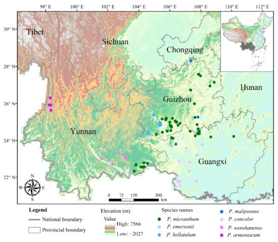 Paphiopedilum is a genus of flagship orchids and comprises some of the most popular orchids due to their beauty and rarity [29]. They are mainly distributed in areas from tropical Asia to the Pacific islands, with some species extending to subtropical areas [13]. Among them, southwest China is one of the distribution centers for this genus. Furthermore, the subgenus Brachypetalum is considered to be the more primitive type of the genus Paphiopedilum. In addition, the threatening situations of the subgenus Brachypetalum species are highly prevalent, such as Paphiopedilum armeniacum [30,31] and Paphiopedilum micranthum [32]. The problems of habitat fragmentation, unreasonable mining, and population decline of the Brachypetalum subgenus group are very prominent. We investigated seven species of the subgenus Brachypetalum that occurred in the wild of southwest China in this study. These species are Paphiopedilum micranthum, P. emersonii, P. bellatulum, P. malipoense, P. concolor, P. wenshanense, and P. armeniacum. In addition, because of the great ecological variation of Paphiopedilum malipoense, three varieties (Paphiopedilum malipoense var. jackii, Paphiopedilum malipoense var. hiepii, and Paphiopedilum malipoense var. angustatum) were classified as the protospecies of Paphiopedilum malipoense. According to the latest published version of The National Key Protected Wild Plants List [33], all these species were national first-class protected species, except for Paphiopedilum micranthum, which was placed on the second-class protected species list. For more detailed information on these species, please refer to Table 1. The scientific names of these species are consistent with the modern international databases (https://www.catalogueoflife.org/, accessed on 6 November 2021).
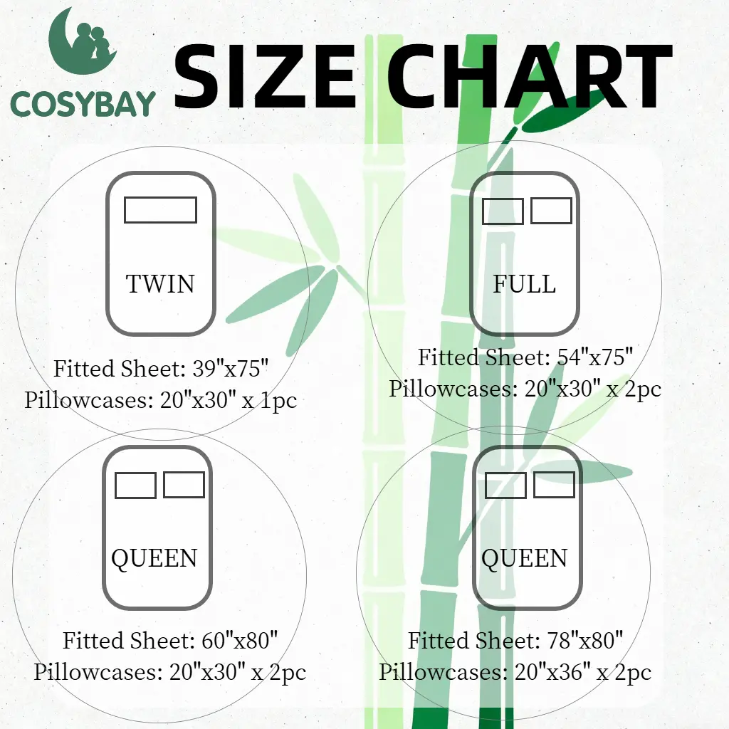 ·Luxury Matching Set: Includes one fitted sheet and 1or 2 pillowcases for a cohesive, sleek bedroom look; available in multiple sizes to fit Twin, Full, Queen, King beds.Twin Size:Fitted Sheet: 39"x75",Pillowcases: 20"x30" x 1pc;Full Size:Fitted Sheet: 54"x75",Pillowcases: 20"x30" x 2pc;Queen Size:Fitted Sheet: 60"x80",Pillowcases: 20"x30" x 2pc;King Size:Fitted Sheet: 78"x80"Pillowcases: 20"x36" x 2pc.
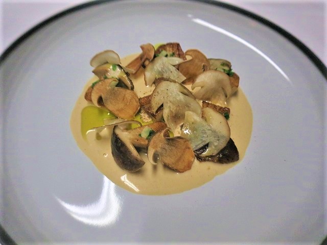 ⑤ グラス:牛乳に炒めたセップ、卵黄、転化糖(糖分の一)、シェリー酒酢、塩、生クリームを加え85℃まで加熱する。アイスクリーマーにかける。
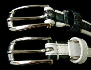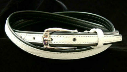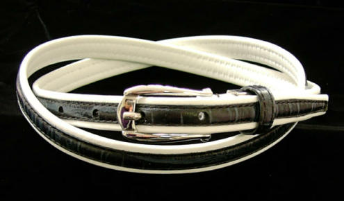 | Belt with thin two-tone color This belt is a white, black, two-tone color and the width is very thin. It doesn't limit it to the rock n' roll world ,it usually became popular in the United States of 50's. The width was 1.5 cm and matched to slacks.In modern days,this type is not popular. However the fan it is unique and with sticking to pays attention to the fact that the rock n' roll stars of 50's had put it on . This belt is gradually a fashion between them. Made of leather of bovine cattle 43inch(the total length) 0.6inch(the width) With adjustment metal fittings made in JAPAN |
* * * * * * * * *
WORK INSTRUCTIONS ::
Give back only the lines from the one that carries "⑤ グラス:牛乳に炒めたセッ" through the final line above, both included. Drop all pictures.

COMPLETED EXERCISE ::
 ⑤ グラス:牛乳に炒めたセップ、卵黄、転化糖(糖分の一)、シェリー酒酢、塩、生クリームを加え85℃まで加熱する。アイスクリーマーにかける。
 | Belt with thin two-tone color This belt is a white, black, two-tone color and the width is very thin. It doesn't limit it to the rock n' roll world ,it usually became popular in the United States of 50's. The width was 1.5 cm and matched to slacks.In modern days,this type is not popular. However the fan it is unique and with sticking to pays attention to the fact that the rock n' roll stars of 50's had put it on . This belt is gradually a fashion between them. Made of leather of bovine cattle 43inch(the total length) 0.6inch(the width) With adjustment metal fittings made in JAPAN |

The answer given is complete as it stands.